View your garden from a distance. Every garden is a work of natural wonder. Is your garden manicured to near perfection, or is it overgrown and wild? Realize the beauty of its present state. Realize too, that as you view it is changing.

The art of pruning gives you a relationship with nature that defines your garden. Develop the skill with confidence. Gather information, acquire the tools, employ intuition, be creative.

Developing the skill requires confidence. Initially, prune lightly. If you don't obtain a perfect shape, remember, nature provides ample opportunity. Be comfortable in the decision process of pruning. Sometimes it is good to move quickly and freely, at times you may need to think out every deliberate cut.
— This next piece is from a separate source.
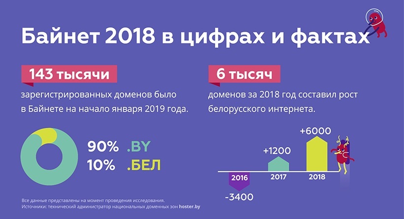 Результаты .BY и .БЕЛ еще чуть выше — плюс 4,2% или почти 6000 имен, сообщили в пресс-службе hoster.by. Это вселяет оптимизм после отрицательной динамики в 2016 и небольшого «выхода в плюс» в 2017 году.

Knowing the characteristics of your plant is important. Read about them. If you have questions ask a neighbor, local nursery person, or a master gardener at the U.C. Cooperative Extension Office.

Tools are important. Hand pruners, lopping shears, hedge clippers and a pruning saw will take care of most plants. For larger trees you may need a pole pruner/saw and a chain saw. Check over your tools. If they are dull I recommend that you learn the skill of sharpening, or have them sharpened professionally. Fingers work well for cleaning dried leaves and snapping little branches.

Use your intuition. If you need to walk through your garden you would naturally clear a path. Prune so that your garden is comfortable for working and relaxation. Let instinct guide you. Be creative. Plants can be pruned for a natural appearance or shaped to create ground covers, shrubs, hedges, trees, trellises, espaliers and topiaries. Experiment and see what nature can do.